Your objective =>
Using the data below, return word for word every line from the one holding "鮭をほぐしながら、ガーリック" down to the one holding "Μίνιμαλ δαχτυλίδι ροζέτα". Leave pictures out.

Recorded information =>
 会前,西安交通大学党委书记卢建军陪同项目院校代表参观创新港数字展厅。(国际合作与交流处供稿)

...

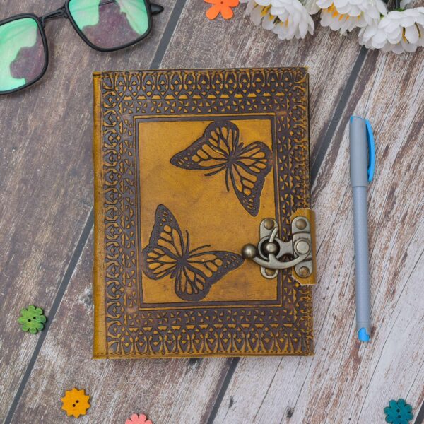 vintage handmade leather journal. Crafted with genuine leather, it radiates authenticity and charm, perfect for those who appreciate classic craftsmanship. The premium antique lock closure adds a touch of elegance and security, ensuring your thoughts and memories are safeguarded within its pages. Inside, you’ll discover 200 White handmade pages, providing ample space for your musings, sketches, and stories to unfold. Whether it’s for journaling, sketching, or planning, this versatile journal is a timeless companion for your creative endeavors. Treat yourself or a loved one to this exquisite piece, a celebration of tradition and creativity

--

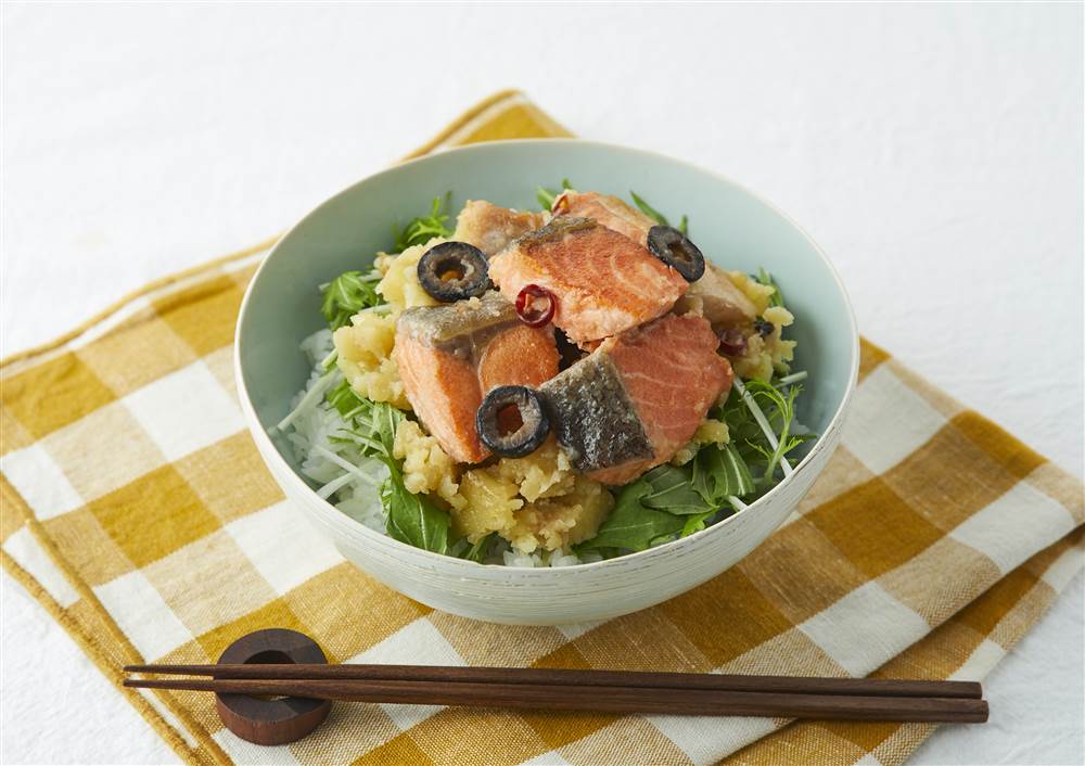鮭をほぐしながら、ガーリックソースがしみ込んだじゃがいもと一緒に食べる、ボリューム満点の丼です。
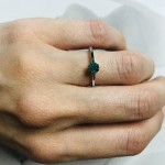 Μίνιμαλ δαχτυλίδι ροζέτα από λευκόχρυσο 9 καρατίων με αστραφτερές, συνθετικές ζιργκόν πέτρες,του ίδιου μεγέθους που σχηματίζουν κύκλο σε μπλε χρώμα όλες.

Answer box =>
鮭をほぐしながら、ガーリックソースがしみ込んだじゃがいもと一緒に食べる、ボリューム満点の丼です。
 Μίνιμαλ δαχτυλίδι ροζέτα από λευκόχρυσο 9 καρατίων με αστραφτερές, συνθετικές ζιργκόν πέτρες,του ίδιου μεγέθους που σχηματίζουν κύκλο σε μπλε χρώμα όλες.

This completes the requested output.